800 x 600 is nothing to write home to the folks about, but considering that most TVs can't support any resolutions higher than that, it seems adequate.
DVD support has been a popular topic on the old Sharky Extreme Discussion Board lately, and with good reason. With large monitor prices continuing to erode, and DVD-ROM prices looking better than ever, many gamers are wondering if their next upgrade should center on a DVD-ROM drive with an AGP 2D/3D card that can properly accelerate the DVD images.
ATi has long been a supporter of DVD, and has included the two most critical features for its support (hardware motion compensation and iDCT) on its cards for more than a year now.
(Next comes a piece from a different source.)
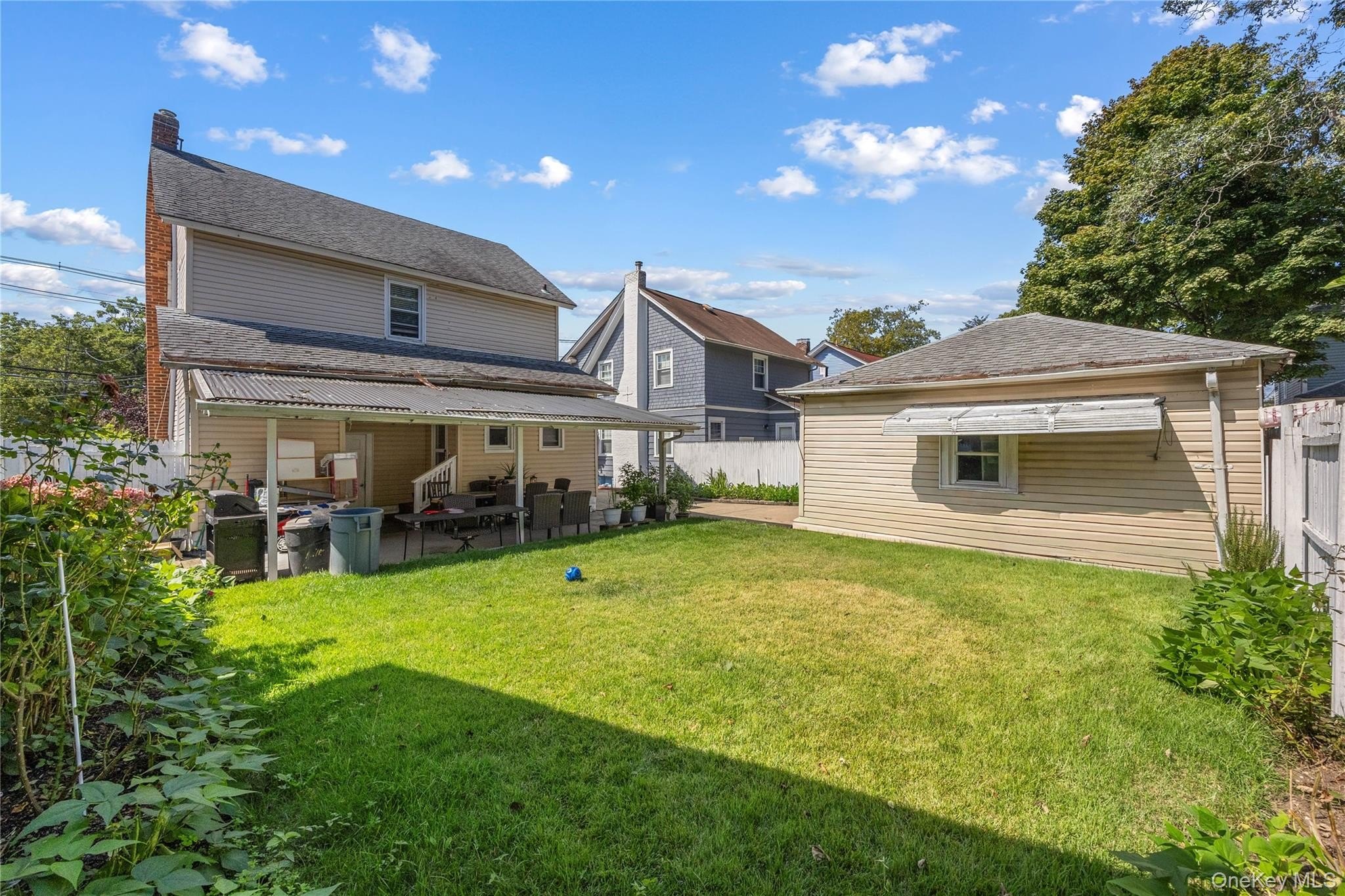 Welcome to this beautifully maintained 1918 Colonial offering timeless charm and modern convenience. This spacious 5-bedroom, 2-bath residence features hardwood floors throughout, a gracious formal dining room, and a large living room highlighted by a wood-burning fireplace. The bright, functional layout provides plenty of space for both everyday living and entertaining. A rear patio creates the perfect outdoor retreat, while the long private driveway and detached garage add exceptional convenience. From its classic architecture to its thoughtfully preserved details, this home offers a rare opportunity to own a true Colonial gem. Ideal for those seeking both character and comfort in a well-maintained property.

The Rage128GL also includes these critical features, and thereby offers true fullscreen, full color depth DVD playback without the need for an MPEG-2 decoder card.
Thanks to the motion compensation ability combined with other hardware specific DVD routines, the Rage Fury is able to produce near-perfect DVD playback while only utilizing 15 - 20% of an Intel P2-350's total output capability. Compared to the upcoming Voodoo3's 60% utilization score for the same procedure (60% is actually a good score) the Rage Fury shows that true DVD playback in a window while downloading a file and working on a document is not only possible, but a reality.
In our objective testing, the DVD abilities of the Rage Fury were the best we've seen from a non-MPEG-2 decoder card based solution. In fact, several members of Sharky Extreme's staff couldn't correctly identify whether the movies they were being shown on two 21" monitors were being displayed via an MPEG-2 decoder card, or with just the Rage Fury. ATi has definitely done their homework here as buyers can now go and pick up a stand alone DVD-ROM drive ($100 esp) and then use it in tandem with the Rage Fury to achieve a great movie-viewing experience.